Segment Start: Available records

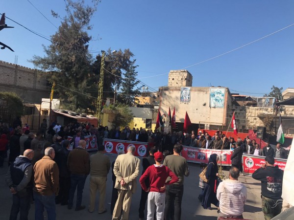 وشارك في الاعتصام ممثلون عن القوى والفصائل الوطنية والإسلامية،إلى جانب قيادة وكوادر واعضاء وشبيبة منظمة حزب الشعب في صيدا،حيث تخلل الإعتصام عدد من الكلمات،فكانت الكلمة الأولى :-
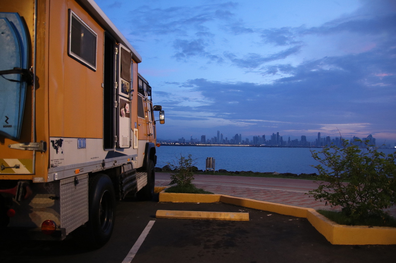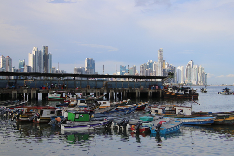 die vorletzte etappe panama city, erreichen in ca 2 h. der weg in die innenstadt, führt vorbei an den miraflores schleusen. neben uns fährt ein containerzug der „panama canal railway“ mit dröhnendem signalhorn vorbei. bei der fülle an eindrücken am wegesrand, stört es uns kaum, das wir im stau nur im schritttempo voran kommen.
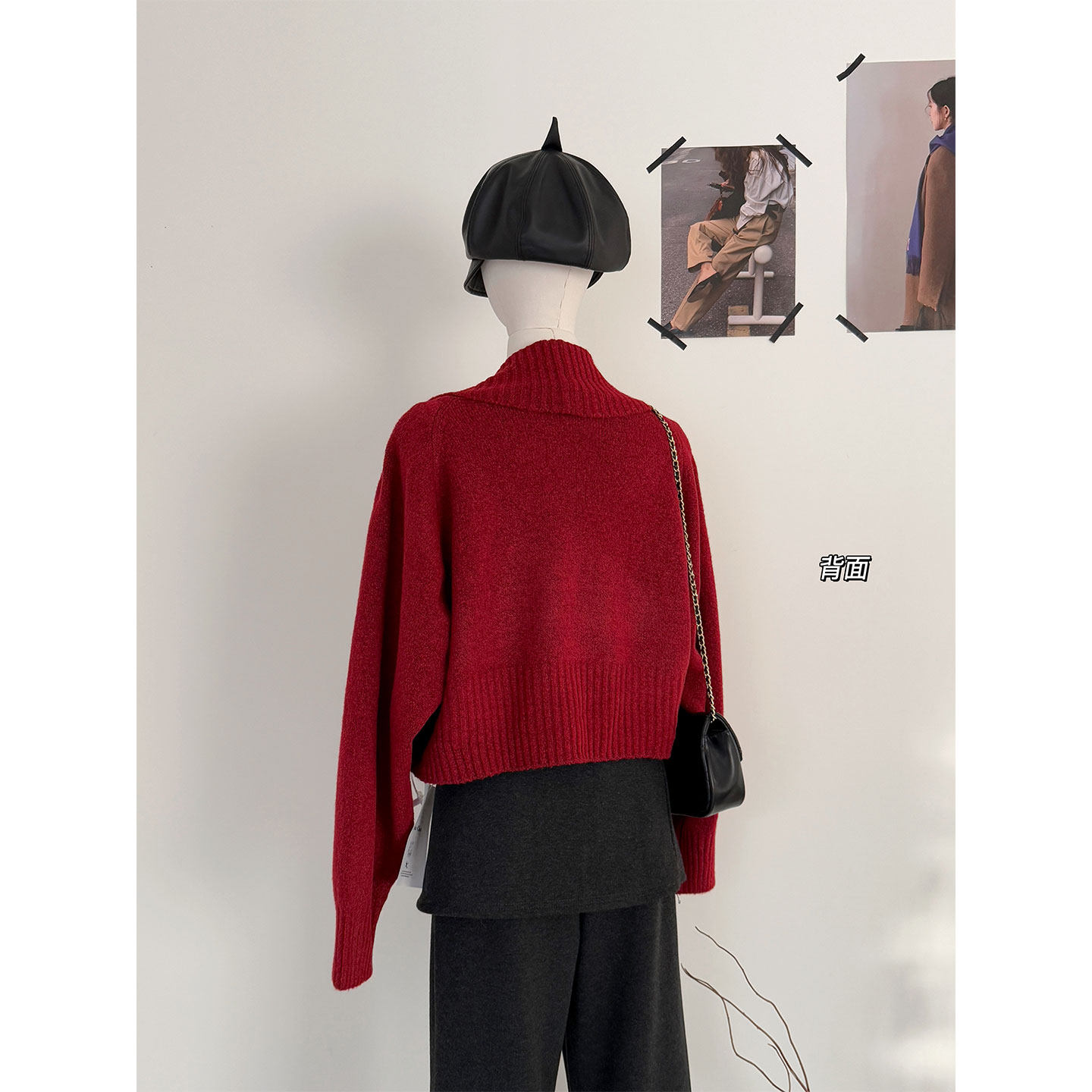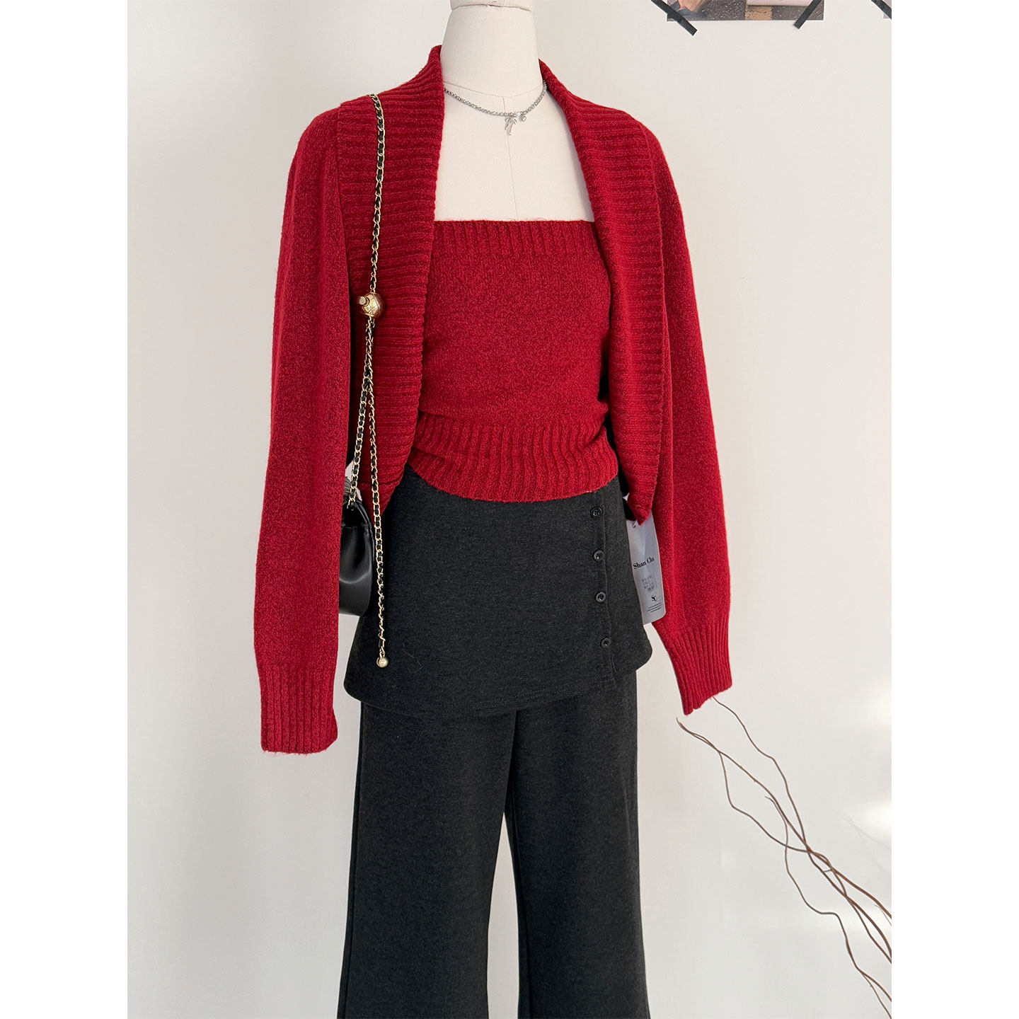 📚 小蛮腰系列!新年氛围感红色针织抹胸+短款毛衣披肩开衫两件套装
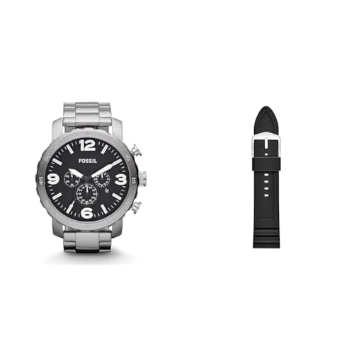 Fossil Montre pour homme Nate, mouvement chronographe à quartz, boîtier en acier inoxydable noir de 50 mm avec bracelet en acier inoxydable, JR1401
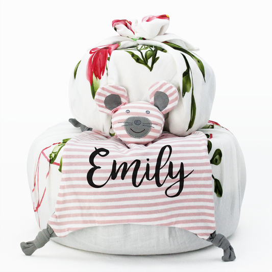 Zeronto Luxury Baby Girl Gift Basket 2-Tier (Tower of Roses)
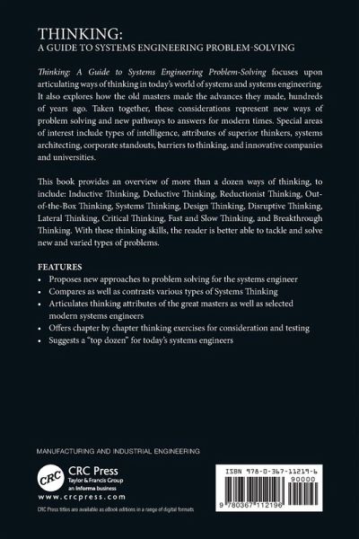 Thinking: A Guide to Systems Engineering Problem-Solving focuses upon articulating ways of thinking in today's world of systems and systems engineering. It also explores how the old masters made the advances they made, hundreds of years ago. Taken together, these considerations represent new ways of problem solving and new pathways to answers for modern times. Special areas of interest include types of intelligence, attributes of superior thinkers, systems architecting, corporate standouts, barriers to thinking, and innovative companies and universities. This book provides an overview of more than a dozen ways of thinking, to include: Inductive Thinking, Deductive Thinking, Reductionist Thinking, Out-of-the-Box Thinking, Systems Thinking, Design Thinking, Disruptive Thinking, Lateral Thinking, Critical Thinking, Fast and Slow Thinking, and Breakthrough Thinking. With these thinking skills, the reader is better able to tackle and solve new and varied types of problems. Features Proposes new approaches to problem solving for the systems engineer Compares as well as contrasts various types of Systems Thinking Articulates thinking attributes of the great masters as well as selected modern systems engineers Offers chapter by chapter thinking exercises for consideration and testing Suggests a "top dozen" for today's systems engineers
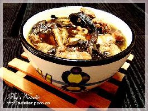 4.再次汤滚时,所有材料转入砂锅中,加适量食盐,转小火慢慢焖。
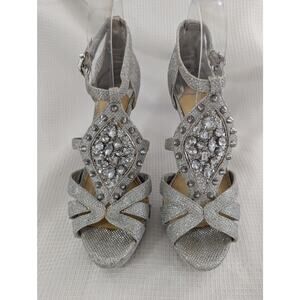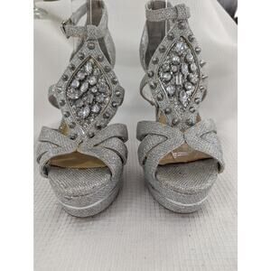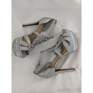 From Gianni BINI, these silver textured lame platform stiletto heels, sandals, are sparkly with rhinestone detailing! Silver "bar" accent on platform sole! Size 8M, 5" Heel, 1.75" platform sole, Excellent EUC Condition! *Measurements always available on request!* **ABSOLUTELY GUARANTEED CONDITION OF EUC MINTY-EXCELLENT TO LIKE-NEW, by Lily at @nocd!**
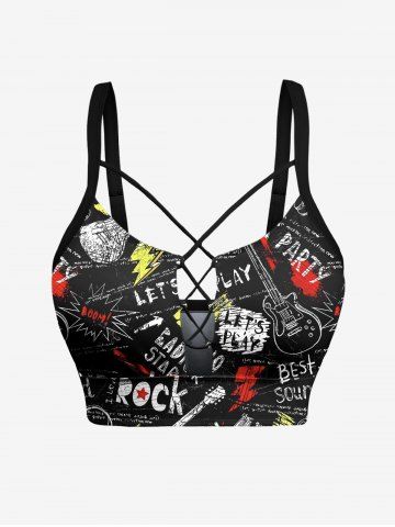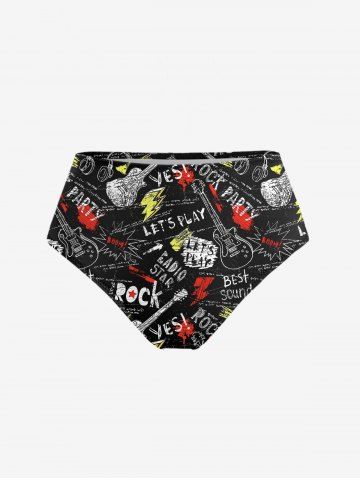 Letters Guitar Graffiti Print Shirt Swimsuit Plus Size Matching Hawaii Beach Outfit For Couples - Black
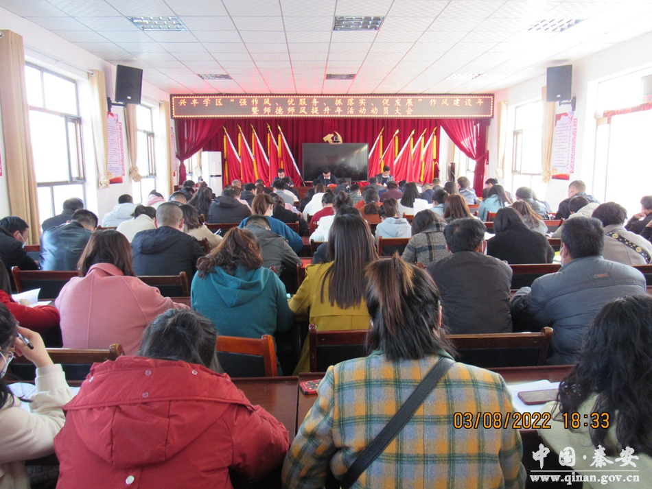 为加强教师队伍建设,不断强化教师自身的行为修养,弘扬新风正气,树立教师形象,推进教育的内涵发展,结合党史学习教育,3月8日,秦安县兴丰学区在镇政府会议室召开“强作风、优服务、抓落实、促发展”作风建设暨师德师风提升年活动动员大会。兴丰镇相关负责人、县教育局第二督查指导组组长、学区党总支班子成员及各支部书记,各中小学校长、幼儿园园长和全体教师共计160余人参加会议。
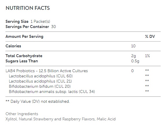 Съставки: Lactobacillus acidophilus (CUL 60), Lactobacillus acidophilus (CUL 21) , Bifodobacterium bifidum (CUL 20) , Bifodobacterium animalis subsp. lactis (CUL 34)
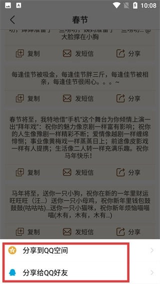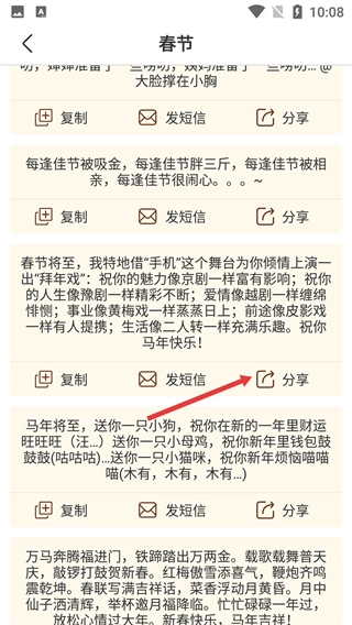 3、在春节祝福语页面,选定目标祝福语后,点击该祝福语下方的【分享】按钮,弹出分享渠道的选择窗口。
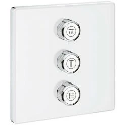 Die subtil stilvolle Grohtherm SmartControl Rosette ermöglicht die perfekte Bad- oder Duscherfahrung: Schalten Sie einfach bequem auf Knopfdruck zwischen vier Ausläufen um – Badewanne, Brause oder Dusche. In Kombination mit dem Grohtherm SmartControl-Thermostat mit einem Ventil (29153LS0) haben Sie mit diesem Reglerset in stilvollem Moon White die freie Wahl: Sie können bis zur vier Ausläufe regeln und erhalten hierdurch eine größere Auswahl und mehr Kombinationsmöglichkeiten im Hinblick auf die Optionen Strahl und Wasserquelle, um so zu Ihrer idealen Dusch- oder Badkonfiguration zu gelangen. Mithilfe der innovativen SmartControl Technologie können Sie Ihre gewünschte Strahlquelle auswählen und die Wassermenge durch Drücken und Drehen eines Knopfes regeln. Dank der Grohe EasyLogic Kennzeichnungen und der Struktur der Knöpfe mit auswechselbaren Symbolen sind diese leicht und intuitiv zu bedienen. Dank des Grohe QuickFix Systems ist die Montage schnell und direkt möglich. Das schlanke Profil erleichtert das Reinigen und die schicke, langlebige Grohe StarLight Moon White Oberfläche sieht noch nach Jahren makellos aus. Durch das schlanke, eckige Design, welches perfekt zu dieser minimalistischen, optimierten Optik passt, wird das Badezimmer-Design vollkommen.Bitte beachten Sie, dass dieses Produkt zusammen mit der Grohe Rapido SmartBox (35600000) sowie dem Grohtherm SmartControl Thermostat für die Unterputzmontage mit einem Ventil (29153LS0) montiert werden muss.
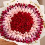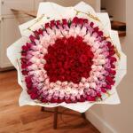 Este gran y colorido ramo presenta un *núcleo radiante de rosas de un rojo intenso* rodeado por capas elegantes de *rosas rosa claro, lavanda y fucsia* dispuestas en un patrón circular perfecto. El degradado de tonos simboliza un viaje de amor — desde la pasión profunda hasta el afecto dulce y la admiración. Es un ramo espectacular, ideal para gestos románticos, bodas o celebraciones impresionantes.
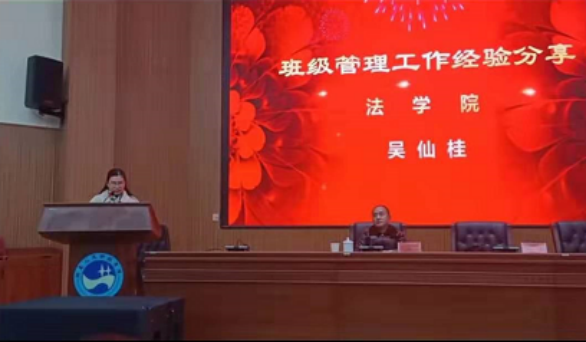 2020年1月8日,学校在匠成楼报告厅举行2019年学工系统年终总结大会,党委书记郭军,党委委员、副校长刘铁峰,党委委员、宣传部长谢柳,组织部,人事处,学工处,团委,武保处,各学院党总支书记、副书记、辅导员、班主任,学工处全体人员、团委全体人员、武保处科级以上人员参加。法学院班主任吴仙贵在大会上作班级管理经验分享,下面是她的发言稿。
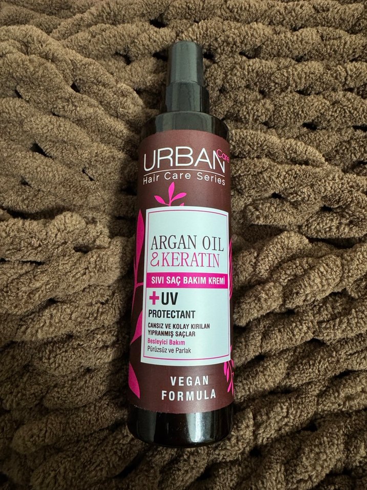 Urban argan yağı ve keratin içeren sıvı saç bakım spreyi, UV koruması sağlar. Vegan formül, saçı besler, kırılmayı ve kabarmayı azaltır.

Segment End: Available records

What you will do: Each line from the first line of the records through the line containing "Zeronto Luxury Baby" must be reproduced exactly, with both ends included and all pictures omitted; nothing else belongs in the answer.

Solution:
 وشارك في الاعتصام ممثلون عن القوى والفصائل الوطنية والإسلامية،إلى جانب قيادة وكوادر واعضاء وشبيبة منظمة حزب الشعب في صيدا،حيث تخلل الإعتصام عدد من الكلمات،فكانت الكلمة الأولى :-
 die vorletzte etappe panama city, erreichen in ca 2 h. der weg in die innenstadt, führt vorbei an den miraflores schleusen. neben uns fährt ein containerzug der „panama canal railway“ mit dröhnendem signalhorn vorbei. bei der fülle an eindrücken am wegesrand, stört es uns kaum, das wir im stau nur im schritttempo voran kommen.
 📚 小蛮腰系列!新年氛围感红色针织抹胸+短款毛衣披肩开衫两件套装
 Fossil Montre pour homme Nate, mouvement chronographe à quartz, boîtier en acier inoxydable noir de 50 mm avec bracelet en acier inoxydable, JR1401
 Zeronto Luxury Baby Girl Gift Basket 2-Tier (Tower of Roses)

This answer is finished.